Не со мною — так раб.
Не с женою — так ладь.
Ждите троицу баб,
смех, березы лежать.
Никуда не сбежать,
если губы кричат.
Ты навеки свежа,
как колдунья-свеча.
О, откуда мне знать
чудо, чарочка рек?
Если волосы взять,
то светло на дворе!
Болезнь
Живу в потрепанной Калуге,
Меняю лето к алтарю.
Меня цитируют хоругви,
Когда с монашенкою сплю.
За красной изгородью рук
Болею я совсем по-черному.
Меня укутывает слух
И пеленает смех парчовый.
Я в желтых сенях от простуд
Развел костер, и твой ушиб,
Подглядывая, как пастух,
За табуном ночной души.
Смеркается, все тучи в сборе.
О, я сегодня тот, кто трусит
С огромной свечки тихой боли
Снимать нагар горячей грусти.
И с робостью ученика
Я — тот, который чает Веком
Растерянность черновика
Над захолустьем человека.
Я снова с вербой в первом классе,
Раскрашен репкой мой пенал,
Он первый, кто на лень пенял.
О, мне поклоны парте класть бы!
Урок не сорван — так сорвут,
Соврут, что кровь в больных ушах.
О, как тебя теперь зовут,
Моя сбежавшая душа?
Садись ко мне на подоконник,
Не бойся, я тебя не трону.
Я сам твой первый второгодник,
Чьи дневники никак не тонут.
Я жгу себя, как жгут версту
С малинником и бабьим лепетом,
К ногам сдирая бересту
Смертельно раненного лебедя.
Привет тебе, кончина чувств!
О, мне дышать уже немного.
Я смерти, милая, учусь.
Все остальное есть у Бога!
Пьяное
Запятая платья
Не в диктанте тела.
Пусть сады не платят
Чернокнижьем девок.
Я — наивно запрост,
И смешон, так далее.
Одноногий Август
Золотил сандалии,
Ворковал крестьянство,
Зазубрив веревку,
И на угли пьянства
Соблазнял золовку.
Я из той усадьбы,
Где чаи за ставней,
Где меня усадят
И читать заставят.
Мимо груш и кладбищ
Та усадьба снова
Переливом клавиш
На колоду Зова.
У невесты любо
И, пожалуй, жарко.
Сколько будут губы
О подолы шаркать?
Чьи-то руки тужат
По плечам греховным.
Да и я ведь тут же,
Как свеча с иконой.
Спите, райский садик,
Я мешать не стану.
…Ах, в моей усадьбе
Забивают ставни.
Мне построят, верно,
Подлецы без битвы
Жуткий дом на венах,
Крытый хрупкой бритвой!
Береста отречения
За пять минут бархата
я уже успел дойти до самоубийства.
Меня переполняла петля,
как Петра Первого переполняли шлюхи.
Он велел выполоть церкви,
он стоял как сахар в грязном стакане России
и не таял, не растаял и до сих пор.
Я кричу ему: «Пётр!.. Пётр!
Зачем лестницы сюртука
на пороховой погреб зазнайства?
Разве эпилепсия — пена преобразований?»
Кто-то поставил три свечки и тоже умер.
А я ушёл в лес и захотел таять вместо Петра Первого.
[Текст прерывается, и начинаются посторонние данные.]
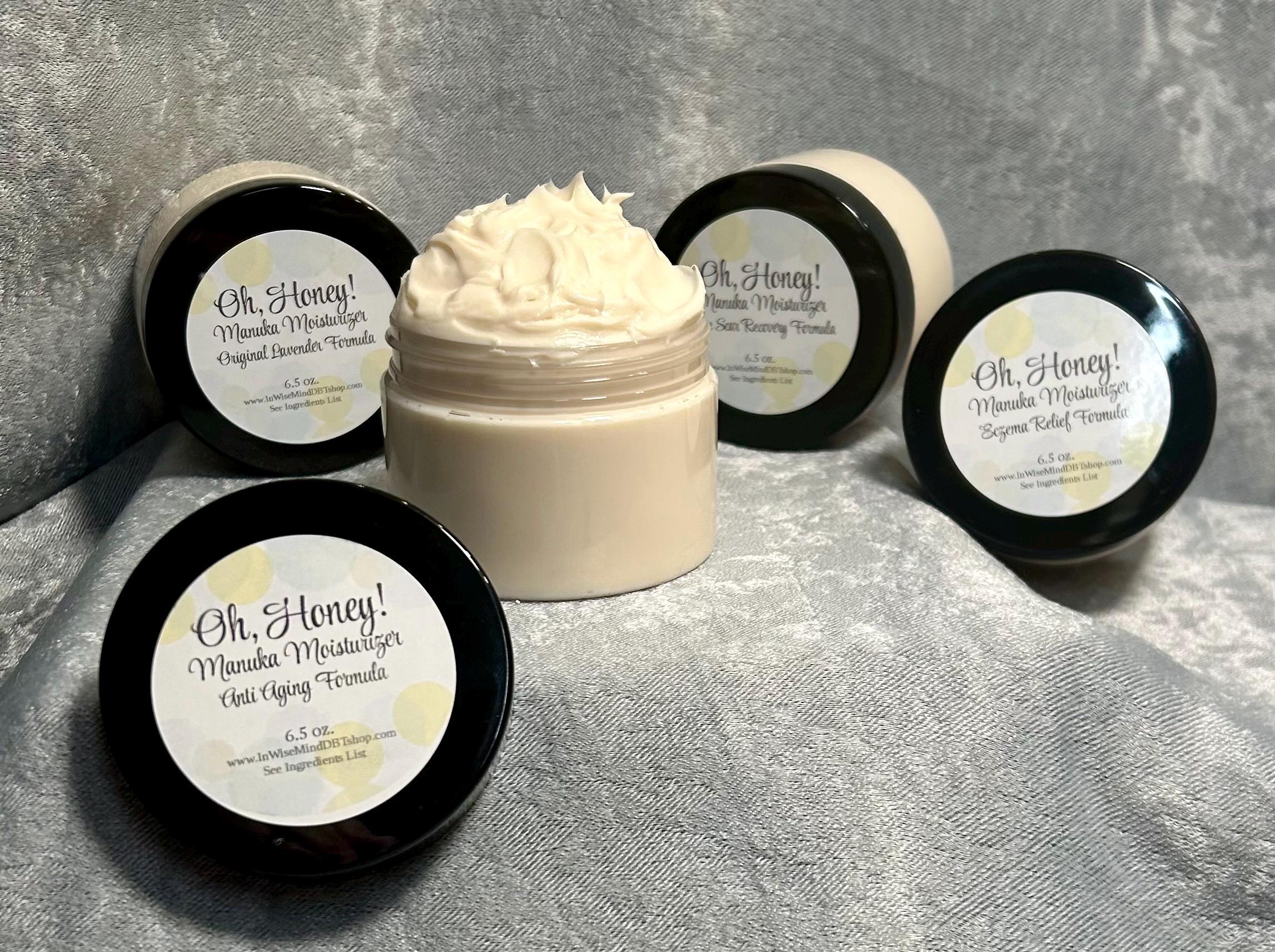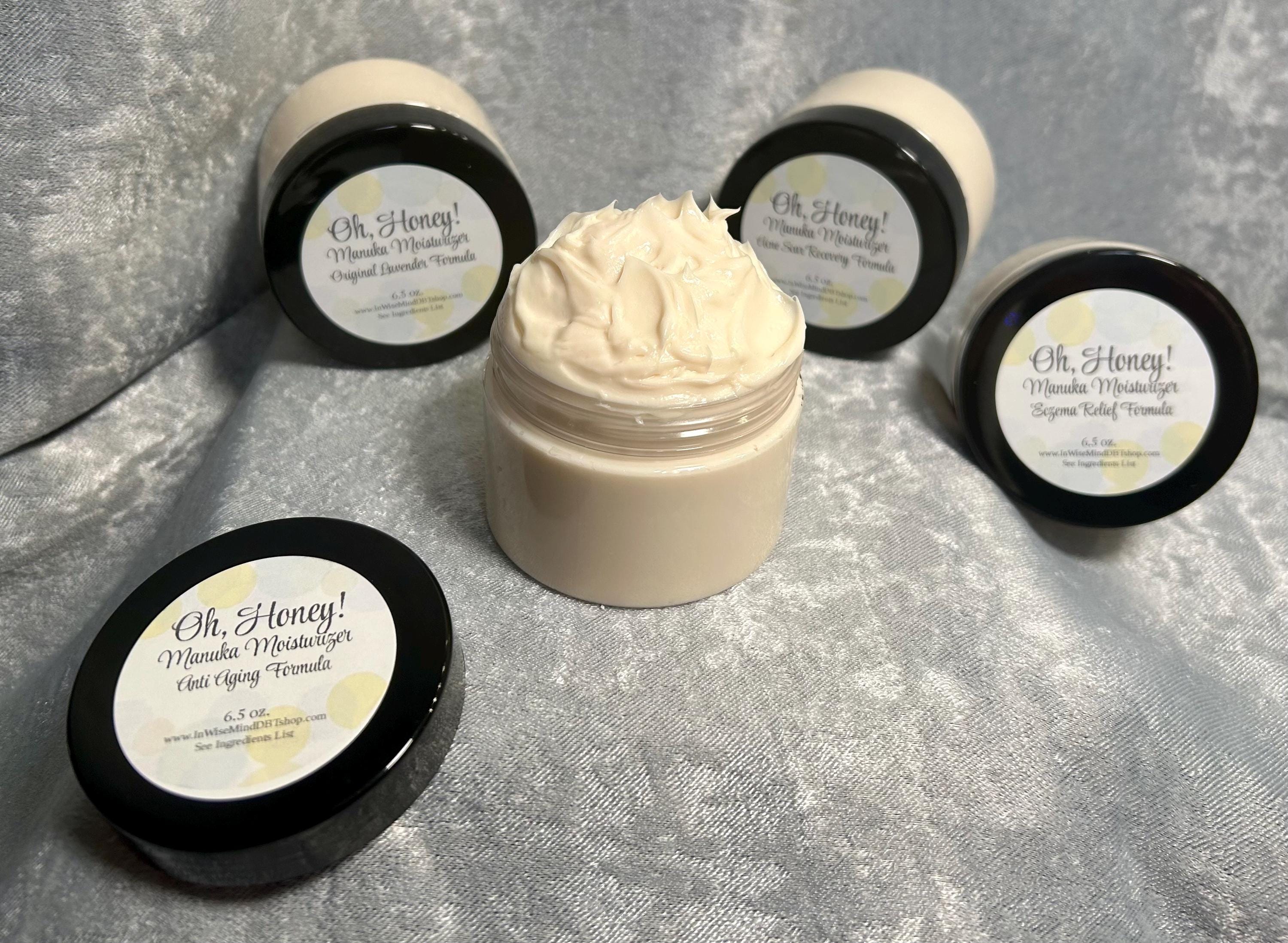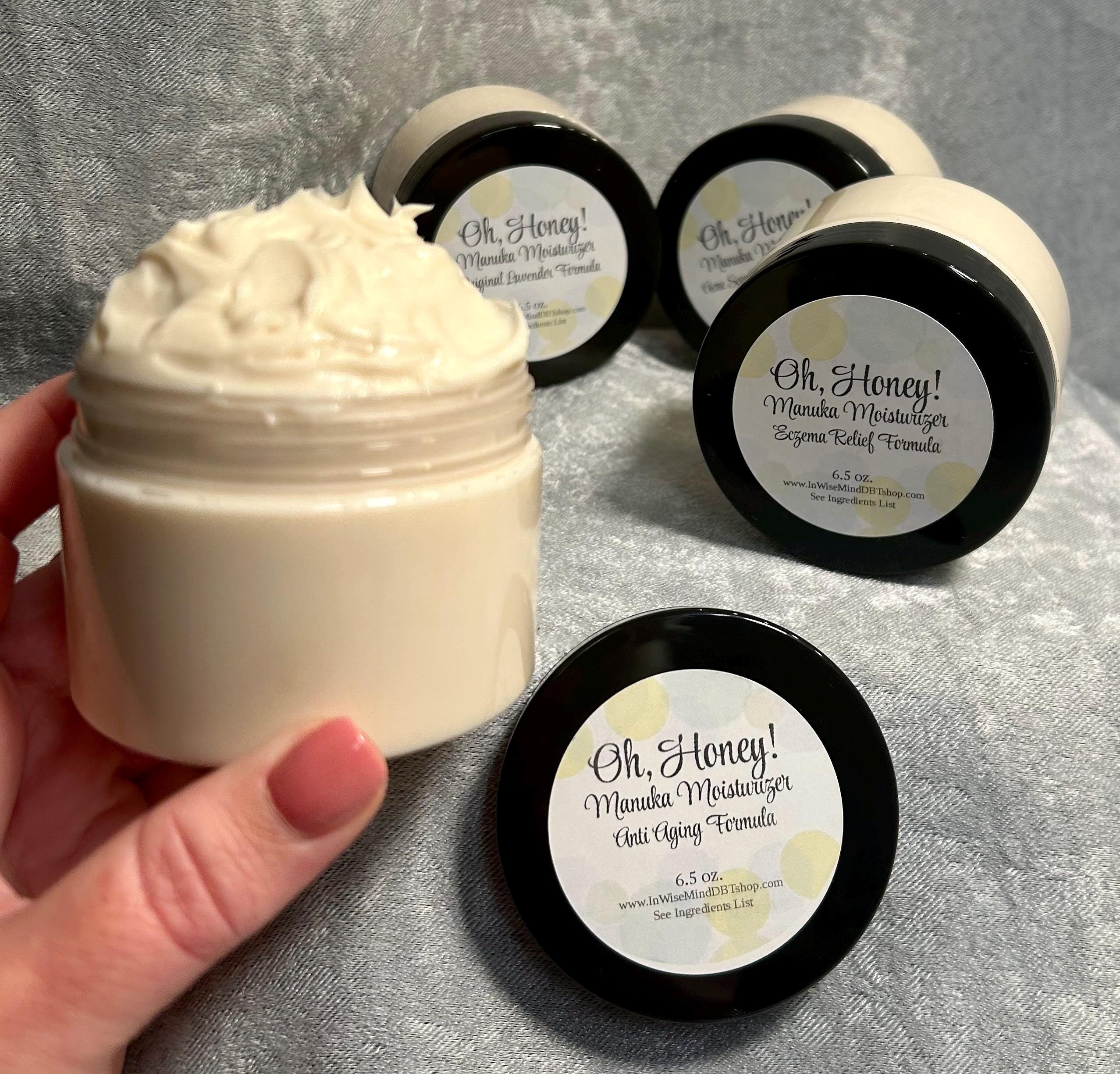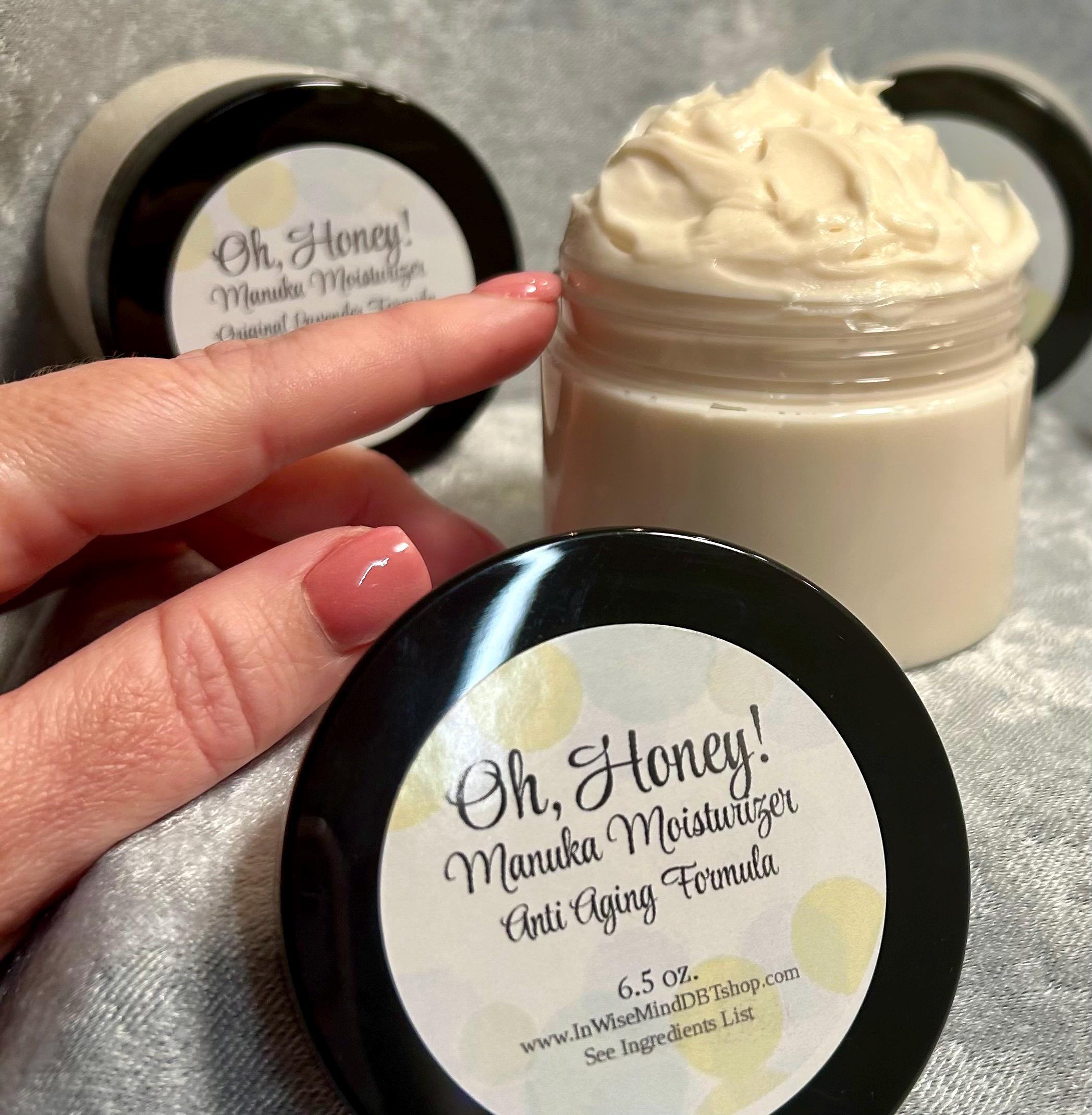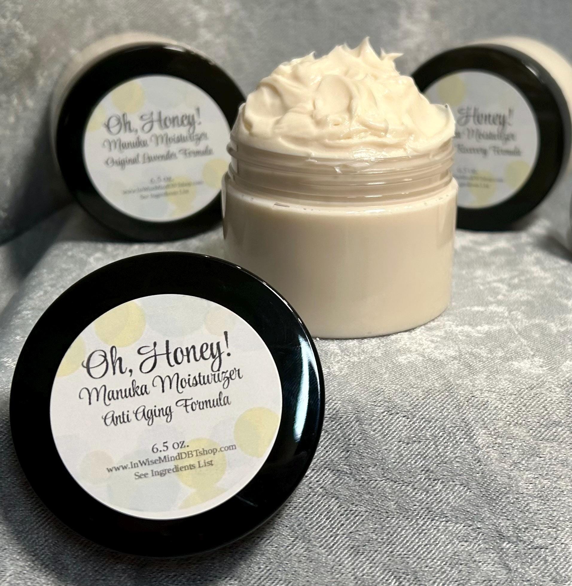 "Oh, Honey!" Is a REAL MANUKA HONEY BASED Therapeutic moisturizer AND skin repairing cream. It features GENUINE MANUKA HONEY, a hypoallergenic rich lotion base, premium Lavender Essential Oil, Organic Shea and Organic Cocoa Butters, and Vit E. Oil, and has more options with skin custom blends described below! Manuka Honey is THE Natural Beauty Secret for beautiful and healthy skin. This moisturizer is HAND MADE WHEN YOU ORDER and COMPLETELY CUSTOMIZABLE for your skin concerns. This is a very rich, moisturizing blended luxury cream with the best kept natural beauty secret for skin: REAL MANUKA HONEY from New Zealand! Hand crafted, small batch. Manuka honey is NOT table honey. It is highly rich in anti-inflammatory and antimicrobial properties, it is stringently regulated and can only come from the Manuka Tree in New Zealand, with the honey being responsible sourced and strict quality control procedures in order for it to make the grade as Manuka Honey. It is darker in color than "regular" honey, it is deeply moisturizing and a natural salve to repair skin. Many people also take it internally for its well known health benefits.

Я заплатил волку дань убежавшей монашенки.
Я выбросил обручальное кольцо,
на котором застряло тело.
Но снег был намного тяжелей подбородка —
он всё таял и таял, он всё падал и падал.
Он облепил меня с жадностью любовницы,
у которой выпали зубы мудрости.
Я шёл, как статуя, и лишь серебряный крестик,
как колокольчик на шее заблудшей овцы,
выдавал моё громкое бегство.
Звери, встречавшие меня на пути,
от страха крестились,
а потом переходили на молитвы,
как будто доставали по блату лишний гроб —
теперь на меня молятся и будут молиться до тех пор,
пока последняя поклонница не украдёт
мою медную могильную плиту,
чтобы закрыть, наконец, закрыть, наконец…
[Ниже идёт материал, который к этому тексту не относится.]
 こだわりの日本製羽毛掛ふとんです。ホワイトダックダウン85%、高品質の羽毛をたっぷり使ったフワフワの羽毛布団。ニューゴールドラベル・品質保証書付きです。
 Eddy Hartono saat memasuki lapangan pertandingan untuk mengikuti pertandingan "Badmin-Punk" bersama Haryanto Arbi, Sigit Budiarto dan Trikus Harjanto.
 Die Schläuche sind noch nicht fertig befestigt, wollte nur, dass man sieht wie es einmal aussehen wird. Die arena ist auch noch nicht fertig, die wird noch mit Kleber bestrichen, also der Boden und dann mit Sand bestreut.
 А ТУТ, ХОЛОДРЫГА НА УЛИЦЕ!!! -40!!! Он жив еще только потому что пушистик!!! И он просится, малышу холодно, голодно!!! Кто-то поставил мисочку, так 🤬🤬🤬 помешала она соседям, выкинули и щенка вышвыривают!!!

чёрную, кислую дующую щель бессмертья!
Открытка вам на память
Знаю, я банален, как смертельно-раненый,
в вашем балагане для меня нет места,
души разворованы, все сердца украдены,
в сатанинских масках все мои невесты.
Неужели нужен мне лишь кусочек мяса,
чтобы согревал, называл по имени?
Ненавижу вас я, словно нищих касса,
теребят на свет только глазки синие.
Да, я выпил всё – и вас, извините,
пропустил твройным одеколоном с ваточкой…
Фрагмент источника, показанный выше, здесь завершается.